Hawkmistress! A DARKOVER NOVEL by Marion Zimmer Bradley

“They were my son’s,” she said in a whisper, “Rakhal’s men came through the village and one of them killed him, cut him down like a dog, when they seized our plow-beast and slaughtered it for their supper, and he asked them for some payment. Carolin’s men have done nothing like this.”

Romilly slipped the boots on her feet. They were hillmen’s boots, fur-lined, soft to her toes. The woman gave her half of a cut loaf of bread. “If you can wait, mestra, you shall have hot food, but I have nothing cooked….”

Romilly shook her head. “This is enough,” she said. “I cannot wait.” In a flash she was on the horse’s back, even while the man cried, “No lady can ride that horse – he is my fiercest-”

“I am no lady but a Swordswoman,” she said, and suddenly a new facet of her laran made itself clear to her; she reached out, as she had done to the mountain cat, and he backed away before her, staring, submissive.

The woman cried, “Do you not want saddle-bridle – let me bind up your wounds, Swordswoman.”

“I have no time for that,” Romilly said, “Set me on the road to Hali.”

The woman stammered out directions, while the man stood silent, goggling at her. She dug her heels into the horse’s back. She had ridden like this, with neither saddle nor bridle, when she was a child at Falconsward, just learning her laran, guiding the horse with her will alone. She felt a brief, poignant regret; Sunstar! Sunstar, and the nameless unknown horse she had ridden away from the battle and turned loose to wander in the wild. She had surely been mad.

The horse moved swiftly and steady, his long legs eating up the road. She gnawed at the hard bread; it seemed that no fine meal had ever been quite so delicious. She needed fresh clothes, and a bath, and a comb for her hair, but nightmare urgency drove her on. Orain, in the hands of Lyondri! Once she stopped to let the horse graze a little and rest, and wondered, What do I think I can do about it?

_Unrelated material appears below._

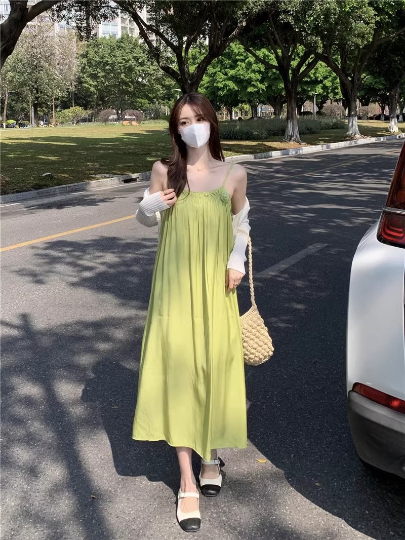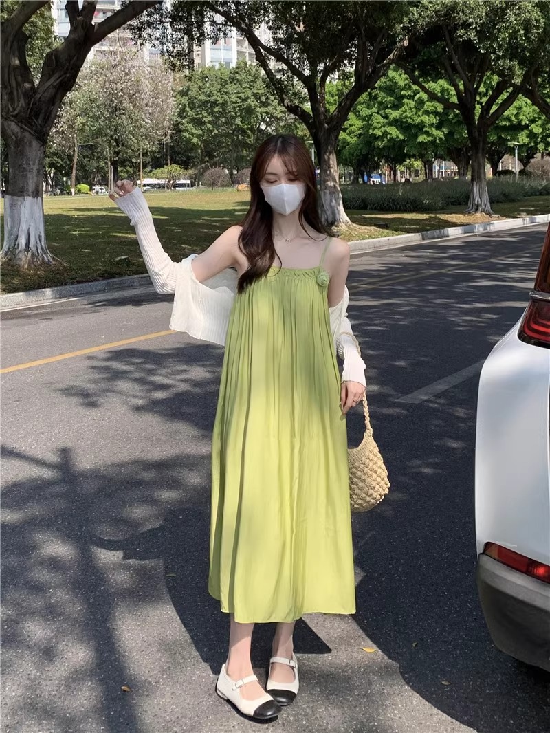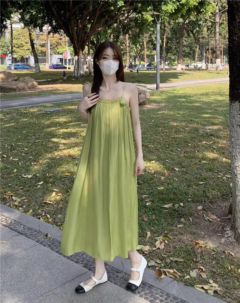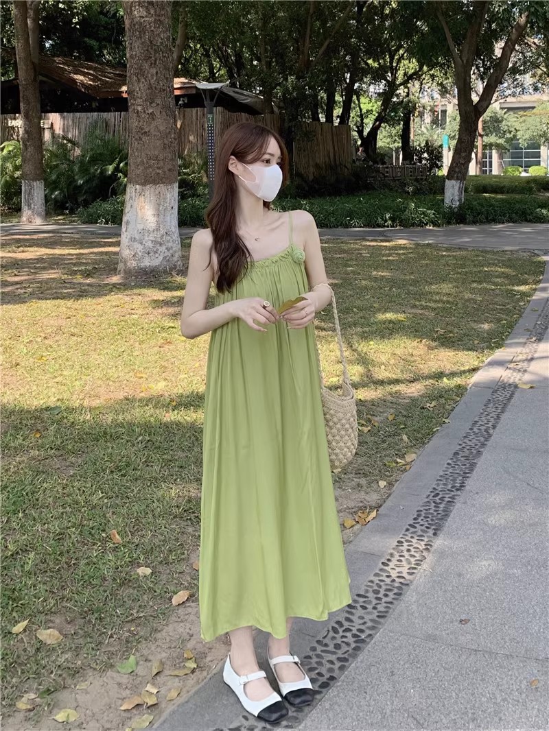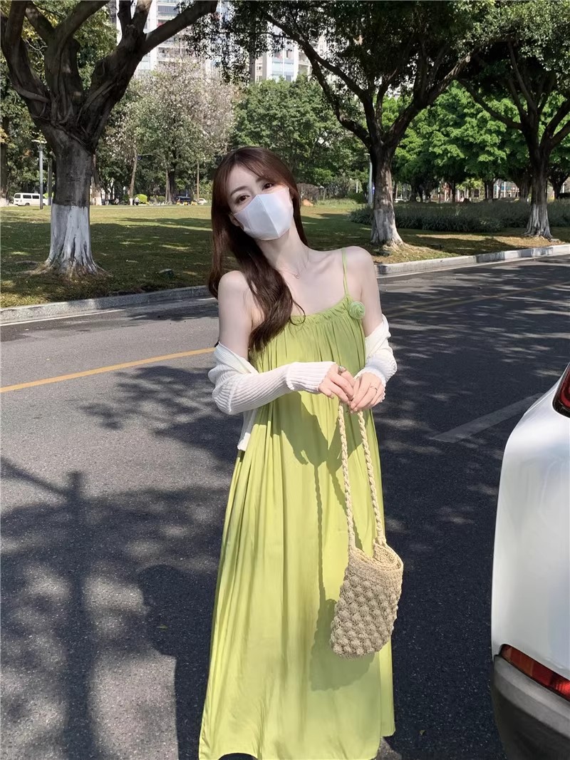 Saltable 달콤한 슈퍼 페어리 그린 슬링 원피스 여성 여름 부드러운 우아한 해변 해변 원피스

The Lake at Hali was long and dim, with a Tower rising on the shore, and pale waves lapping like stormclouds at the verge; at the far end Carolin’s army encamped before a city whose walls were grey and grim. And now she was sure enough of her laran to reach out and feel for the presence of the man she had known as Dom Carlo, and to know that he was her friend, king or no. He was still the man who had welcomed her, protected her among his men even when he knew she was a woman, kept her secret even from his dearest friend and foster-brother.

She made her way through the staring army, hearing one of the Swordswomen call her name in amazement. She knew how she must look to them, worn and gaunt, her tunic and breeches filthy, her hair a ragged and uncombed mop, the cat-claw marks still bloody across her face, riding a countryman’s horse with neither saddle nor bridle. Was this any way to present herself to a king?

But even as she slid from her horse, Jandria had her in a tight embrace.

“Romilly, Romy, we thought you were dead! Where did you go?”

She shook her head, suddenly too exhausted to speak.

“Anywhere. Everywhere. Nowhere. Does it matter? I came as swiftly as I could. How long since the battle? What is this about Orain being held hostage for Lyondri?”

Alderic and Ruyven came to stare, to clasp her in their arms. “I tried to reach you, with Lady Maura,” Alderic said, “but we could not-” and Jandria cried out, “What happened to your face – your earring-?”

“Later,” she said, with an exhausted shake of her head, and then Carolin himself was before her; he held out both his hands.

“Child-” he said, and hugged her as her own father might have done. “Orain loved you, too – I thought I had lost both of you, who followed me not as a king, but as an outlaw and fugitive! Come in,” he said, and led the way into his tent. He gestured, and Jandria poured her a cup of wine, but Romilly shook her head.